_The problem_
Look below for the line that contains "Dolce & Gabbana" and the line that contains "4.在转入界面中将【一键锁屏】右侧的开关打开。", then restate both of them and every line in between, exactly. No picture goes in the copy.

_Given information_
· · ·

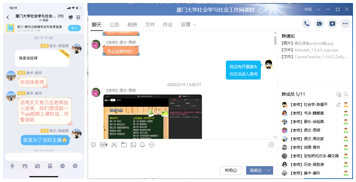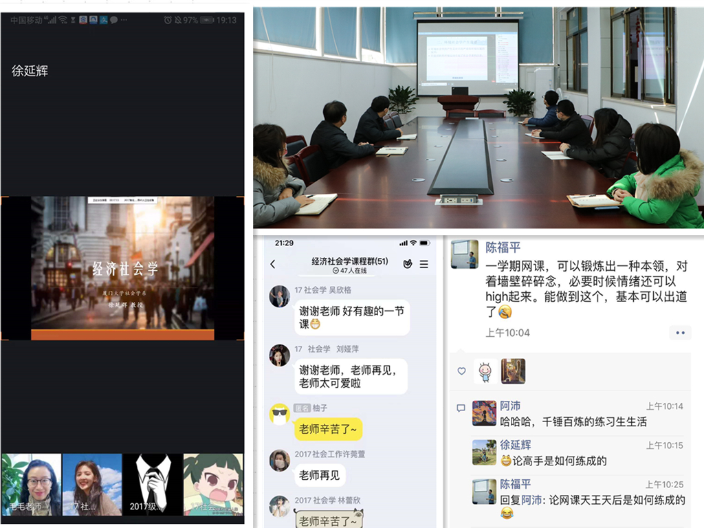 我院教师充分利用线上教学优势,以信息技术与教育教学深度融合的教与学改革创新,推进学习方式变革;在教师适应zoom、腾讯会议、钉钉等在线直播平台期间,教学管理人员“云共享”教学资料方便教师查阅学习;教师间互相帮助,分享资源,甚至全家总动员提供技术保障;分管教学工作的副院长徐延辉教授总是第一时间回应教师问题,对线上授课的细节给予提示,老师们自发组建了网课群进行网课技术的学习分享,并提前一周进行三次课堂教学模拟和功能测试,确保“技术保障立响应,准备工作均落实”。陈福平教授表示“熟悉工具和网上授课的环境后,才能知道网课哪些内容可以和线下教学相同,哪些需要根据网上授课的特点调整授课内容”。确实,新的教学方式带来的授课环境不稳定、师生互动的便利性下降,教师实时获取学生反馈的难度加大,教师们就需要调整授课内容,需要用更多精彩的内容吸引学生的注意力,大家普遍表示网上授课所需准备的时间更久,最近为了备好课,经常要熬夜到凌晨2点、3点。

· · ·

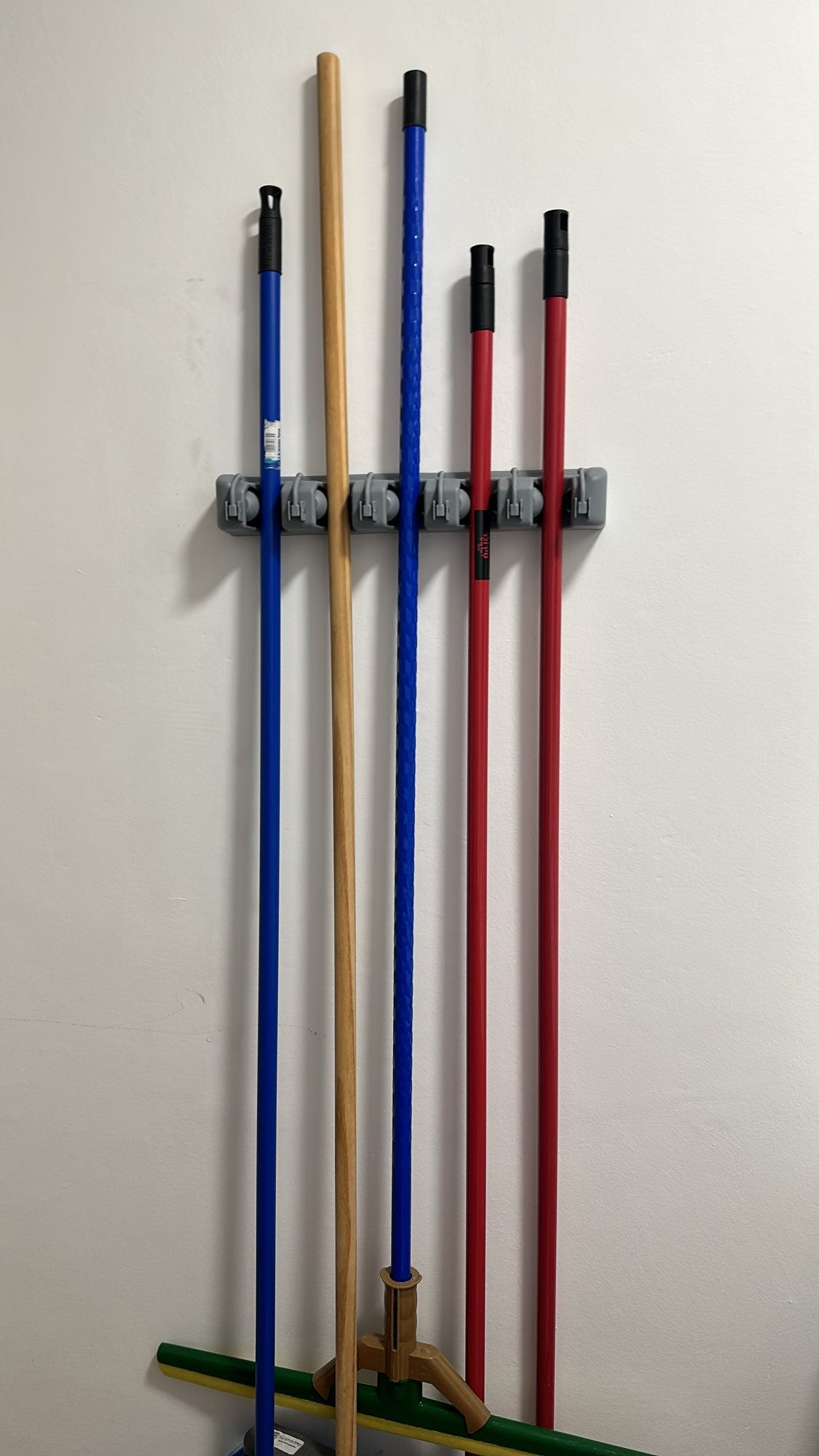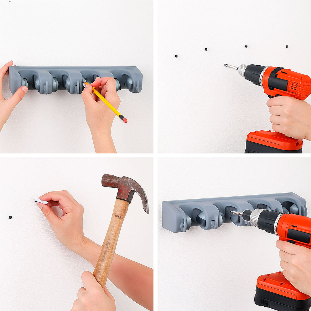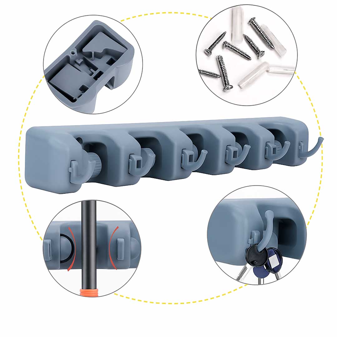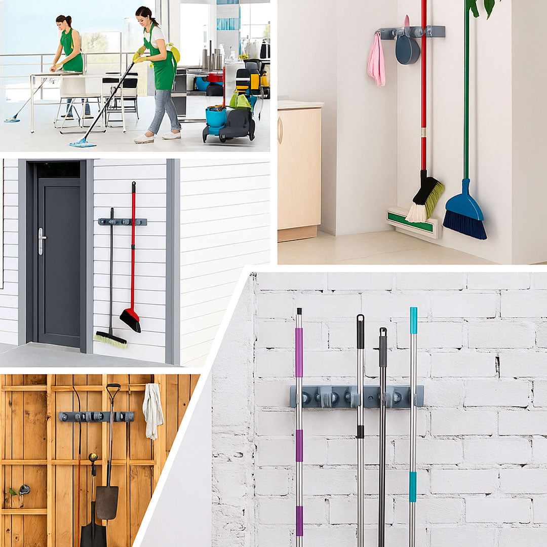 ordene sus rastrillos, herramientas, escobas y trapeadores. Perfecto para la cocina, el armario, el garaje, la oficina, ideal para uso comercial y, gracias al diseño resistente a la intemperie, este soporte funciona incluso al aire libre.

· · ·

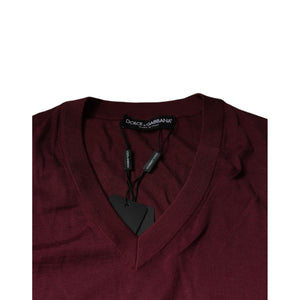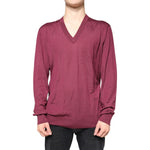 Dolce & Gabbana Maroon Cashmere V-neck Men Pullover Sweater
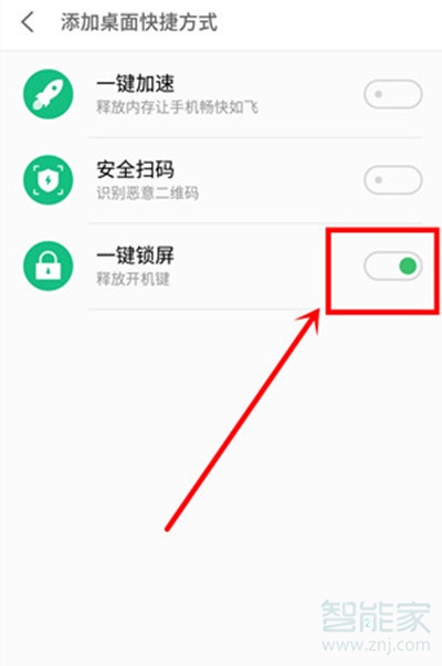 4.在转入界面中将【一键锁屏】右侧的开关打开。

· · ·

_Your response_
 Dolce & Gabbana Maroon Cashmere V-neck Men Pullover Sweater
 4.在转入界面中将【一键锁屏】右侧的开关打开。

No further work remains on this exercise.